## What you should do
The following data needs to be repeated exactly, with all images excluded.

## Supplied data
-------
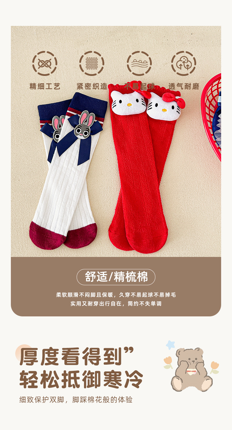 새로운 어린이 양말 대학 스타일 경찰관 주디 새끼 양말 귀여운 만화 키티 고양이 긴면 양말 어린이 양말
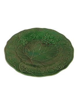 Collection of 19th century porcelain and earthenware pieces. Comprised of a New Hall bowl in the yellow shell pattern, a Capodimonte Ginori twin handled cup decorated in relief figures, a believed to be Machin and Co green floral patterned plate, and a majolica green foliate patterned plate. Makers marks and stamps to the base of each piece. Largest piece measuring approx. 23cm in diameter.
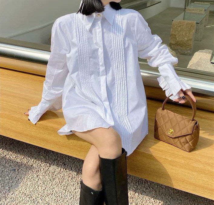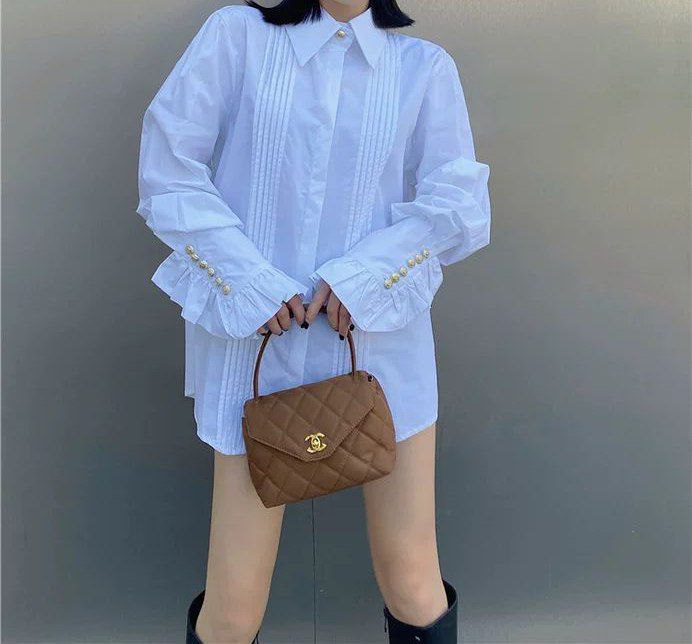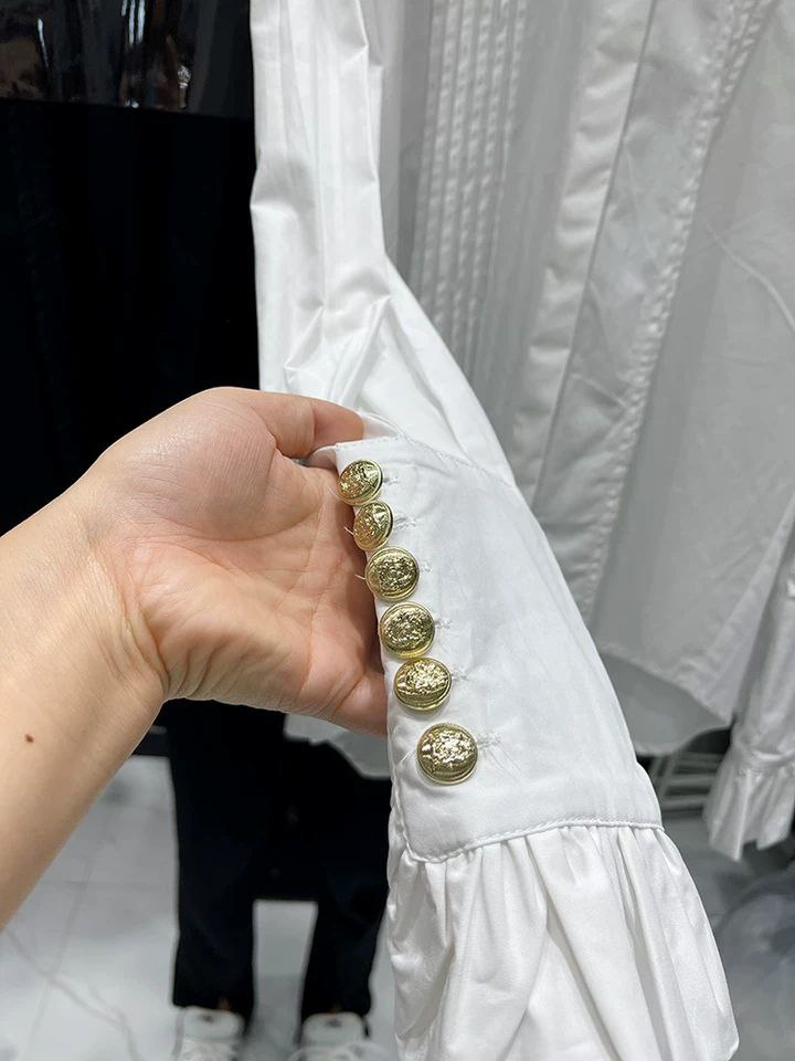 يتميز هذا القميص الأبيض الأنيق بتصميم عصري بأكمام جرس مطوية وكشكشة رقيقة، ليمنحك إطلالة راقية وراقية. مصنوع من قماش قطني عالي الجودة، ناعم، يسمح بمرور الهواء، ومريح للارتداء طوال العام.
-------
## Expected output
 새로운 어린이 양말 대학 스타일 경찰관 주디 새끼 양말 귀여운 만화 키티 고양이 긴면 양말 어린이 양말
 Collection of 19th century porcelain and earthenware pieces. Comprised of a New Hall bowl in the yellow shell pattern, a Capodimonte Ginori twin handled cup decorated in relief figures, a believed to be Machin and Co green floral patterned plate, and a majolica green foliate patterned plate. Makers marks and stamps to the base of each piece. Largest piece measuring approx. 23cm in diameter.
 يتميز هذا القميص الأبيض الأنيق بتصميم عصري بأكمام جرس مطوية وكشكشة رقيقة، ليمنحك إطلالة راقية وراقية. مصنوع من قماش قطني عالي الجودة، ناعم، يسمح بمرور الهواء، ومريح للارتداء طوال العام.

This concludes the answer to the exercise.